Student’s sad story sheds new light on bullying

14-year-old tells about being picked on because of illness

As 14-year-old Michael Collins began to speak at a bullying prevention event, he didn’t expect to steal the hearts of everyone in the audience.

Michael was born with vertebral defects, anal atresia, cardiac defects, trachea-esophageal fistula, renal anomalies, limb abnormalities and Poland syndrome.

His illness causes the right side of his body to be under-developed, giving him a smaller arm that he calls his “lucky fin.”

Michael faces many challenges, one of the biggest being that he didn’t start speaking until he was 6 years old. Having to defend himself was hard.

“People could only hear my screams but not my words,” Michael said. “My words were silent.”

When he was 11, he said, there was a particular boy who bullied him with the intention of breaking his “lucky fin.”
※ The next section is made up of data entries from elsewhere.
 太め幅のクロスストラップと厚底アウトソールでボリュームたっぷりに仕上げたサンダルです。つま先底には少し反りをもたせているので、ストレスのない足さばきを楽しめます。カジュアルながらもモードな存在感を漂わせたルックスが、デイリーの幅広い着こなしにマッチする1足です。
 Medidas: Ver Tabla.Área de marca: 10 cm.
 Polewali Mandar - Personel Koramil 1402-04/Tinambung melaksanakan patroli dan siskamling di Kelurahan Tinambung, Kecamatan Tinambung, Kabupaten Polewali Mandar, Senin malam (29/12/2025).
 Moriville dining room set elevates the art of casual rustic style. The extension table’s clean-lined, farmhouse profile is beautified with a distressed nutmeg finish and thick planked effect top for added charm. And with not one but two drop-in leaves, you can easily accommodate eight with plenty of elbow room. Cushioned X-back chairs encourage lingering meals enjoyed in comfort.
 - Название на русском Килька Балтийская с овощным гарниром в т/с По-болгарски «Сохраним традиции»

Soon after the incident Michael spoke to his doctor and mother about his desire to give up. Not only did he want all upcoming surgeries to stop, he wanted to take his own life.
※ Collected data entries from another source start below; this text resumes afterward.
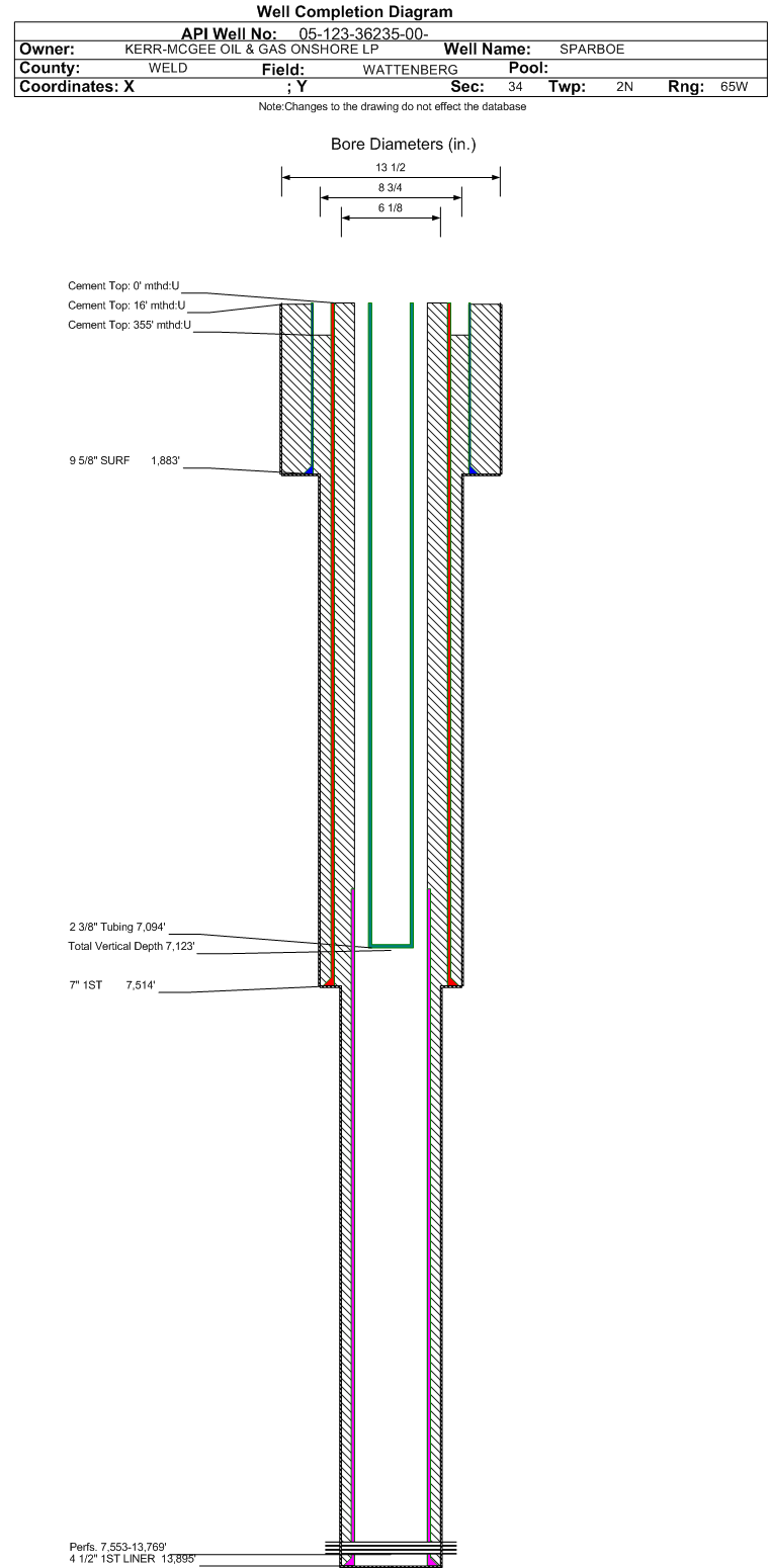 | Wellbore Completed | | Completion Date: | 2/10/2013 | | Spud Date: | 12/11/2012 | Spud Date Is: | ACTUAL | | Measured TD: | 13900 ft. | Measured PB depth: | 13801 ft. | | True Vertical TD: | 7123 ft. | True Vertical PB depth: | 7113 ft. | | Top PZ Location: | Sec:34 Twp: 2N 65W | Footage: 1073 FNL 2036 FEL | | Bottom Hole Location: | Sec:3 Twp: 1N 65W | Footage: 2125 FNL 1987 FEL | | Log Types: | PRE FORM 5 | | Log Types: | GR/RES/MUD | | Casing: | String Type: SURF, Hole Size: 13.5 in., Size: 9.625 in., Top: 0 ft., Depth: 1883 ft., Weight: 36.0 , Citings Type: ACTUAL | | Cement: | Sacks: 654, Top: 16 ft., Bottom: 1883 ft., Determination Method: CALC | | Casing: | String Type: 1ST, Hole Size: 8.75 in., Size: 7 in., Top: 0 ft., Depth: 7514 ft., Weight: 26.0 , Citings Type: ACTUAL | | Cement: | Sacks: 690, Top: 355 ft., Bottom: 7514 ft., Determination Method: CBL | | Casing: | String Type: 1ST LINER, Hole Size: 6.125 in., Size: 4.5 in., Top: 6448 ft., Depth: 13895 ft., Weight: 11.6 , Citings Type: ACTUAL | | Cement: | Sacks: , Top: , Bottom: , Determination Method: CALC | | Formation | Interval Top | Log Bottom | Cored | DSTs | | SHARON SPRINGS | 7110 ft. | | | | | NIOBRARA | 7338 ft. | | | |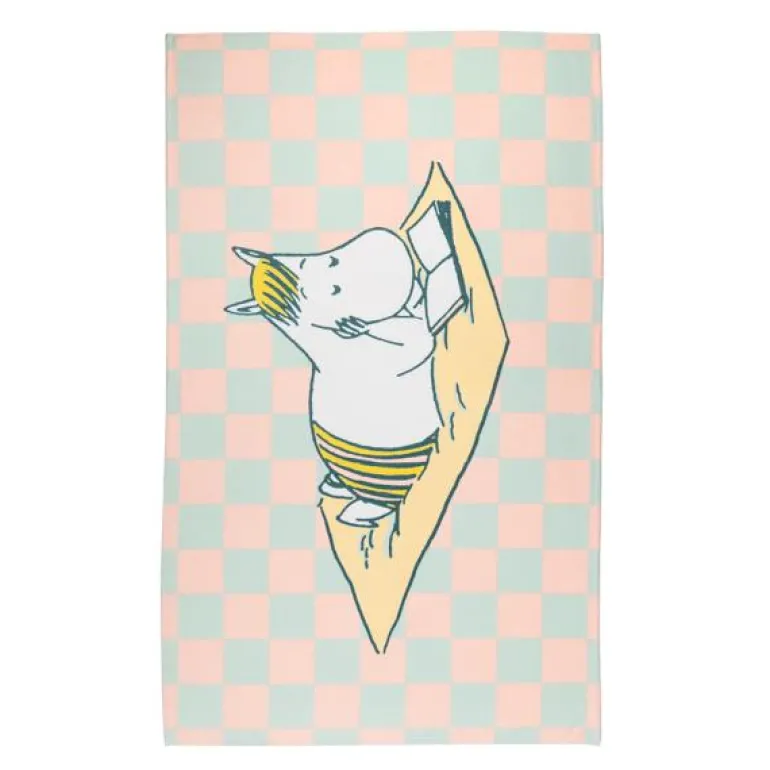 Mummi strandhåndkle 90×150 cm med motiv av Snorkfrøken, fra MoominArabia er det perfekte tilbehøret for Mummientusiasten! Dette håndkleet har et friskt uttrykk med et mønster av ruter og en beroligende turkis farge som gir assosiasjoner til havet. Snorkfrøken er oppslukt av en bok mens hun ligger på den varme sanden.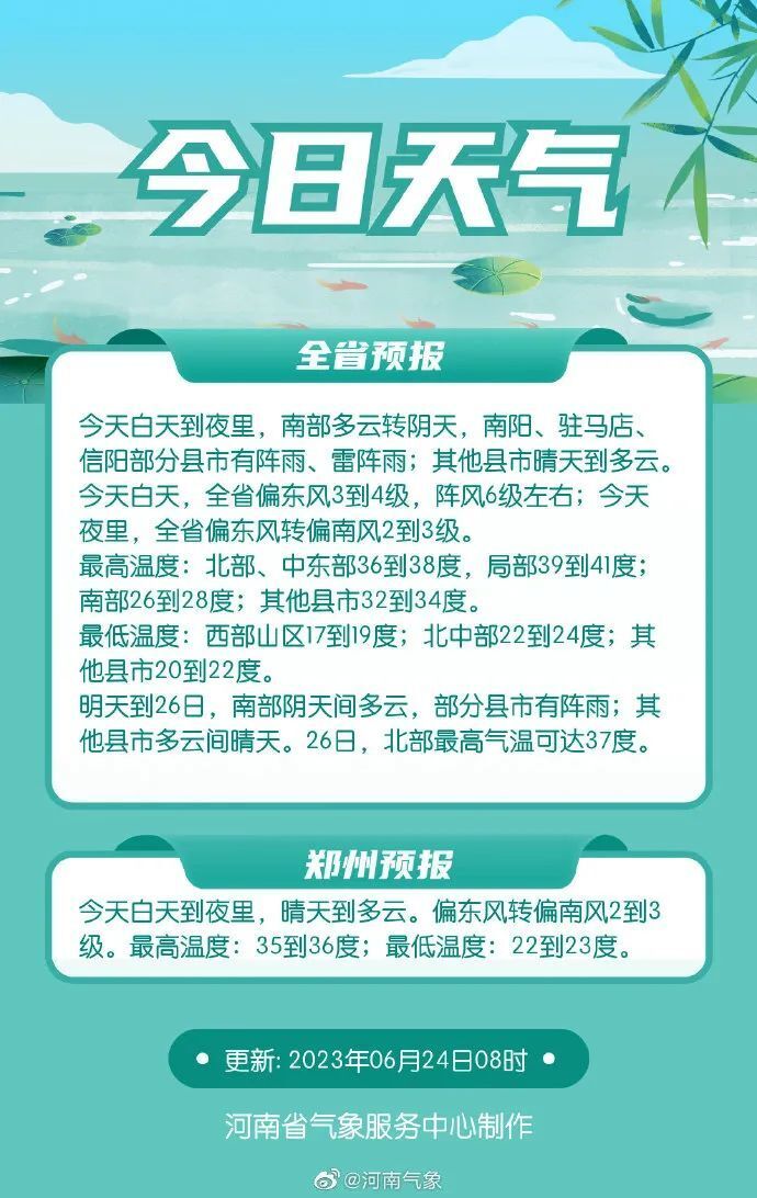 据@河南气象 预报,今天白天到夜里,南部多云转阴天,南阳、驻马店、信阳部分县市有阵雨、雷阵雨;其他县市晴天到多云。最高温度:北部、中东部36到38度,局部39到41度;南部26到28度;其他县市32到34度。最低温度:西部山区17到19度;北中部22到24度;其他县市20到22度。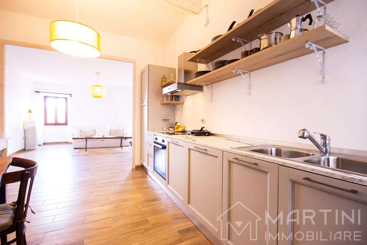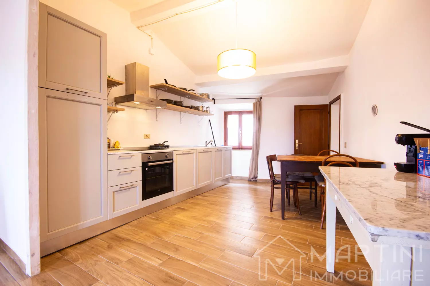 The apartment was renovated in 2024, with an intervention that saw the floors, plaster and two bathrooms redone, in addition to the creation of a beautiful open-space between the kitchen and the large living room.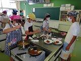 本校では、第2学年家庭科において、食品を、洗う,切る、加熱する、調味する、盛りつけるなどの「調理」について学習します。今回はグループで協力して、衛生的に安全でおいしい「煮込みハンバーグ」に挑戦しました。 → とても上手にできました!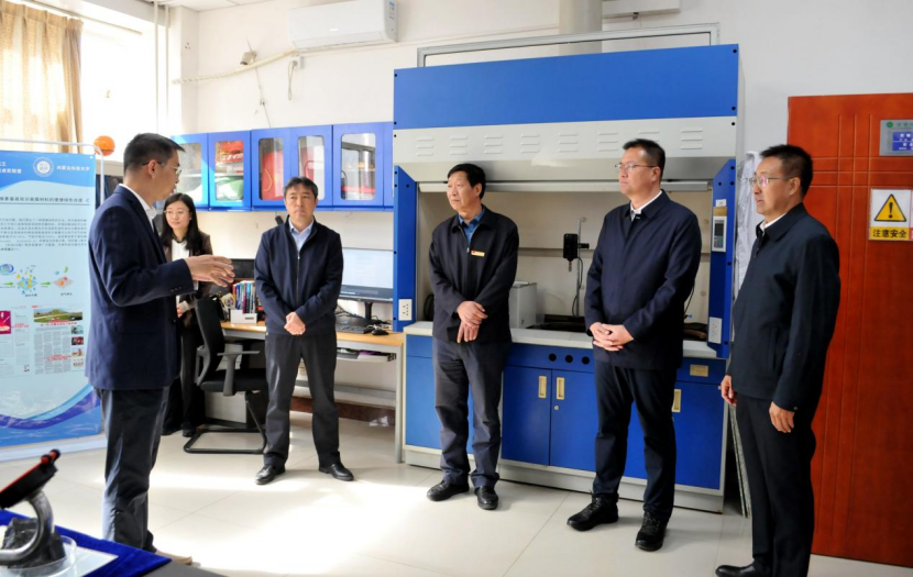 邵文祥、冯银虎一行参观了“1+5+2”示范性特色学院展厅、“高技术陶瓷与稀土资源高值化利用”实验室等。

Michael’s mom, Rachel Collins, said that growing up there were many parents who openly told their kids to get away from the “retarded kid,” referring to Michael.

The Collins family, who now live in Fort Worth, came down to share their story at the Bullying Ends Now event that held April 14 at Water’s Edge Park by the Molina family.

The Molina family held the event as a remembrance to their son, Teddy Molina, who took his life April 1, 2012, as a result of bullying. Mingo Molina, Teddy’s father and a Del mar alumnus, could only describe the incident as a “deafening bang.”

The event welcomed many guest speakers such as candidate for Congress Eric Holguin, who shared his personal experiences.

“It’s an everyone issue,” Holguin said. “I want to show I can fight for everyone’s kids.”

Many of the speakers altered their comments after hearing Michael’s story. Barbara Canales, candidate for Nueces County judge, explained how her experiences could tie into the feeling that Michael endures.

“Different is OK,” Canales said. “Different should be celebrated.”

Michael has worked toward creating a project called Operation Friendship.

“We need heroes,” he exclaimed.

Michael told how his experience has defined him. He has accepted that he was a victim, but now it’s time to be an advocate.

Molina stressed the need for awareness to the issue. His central message was centered around the fact that “everything starts with one.”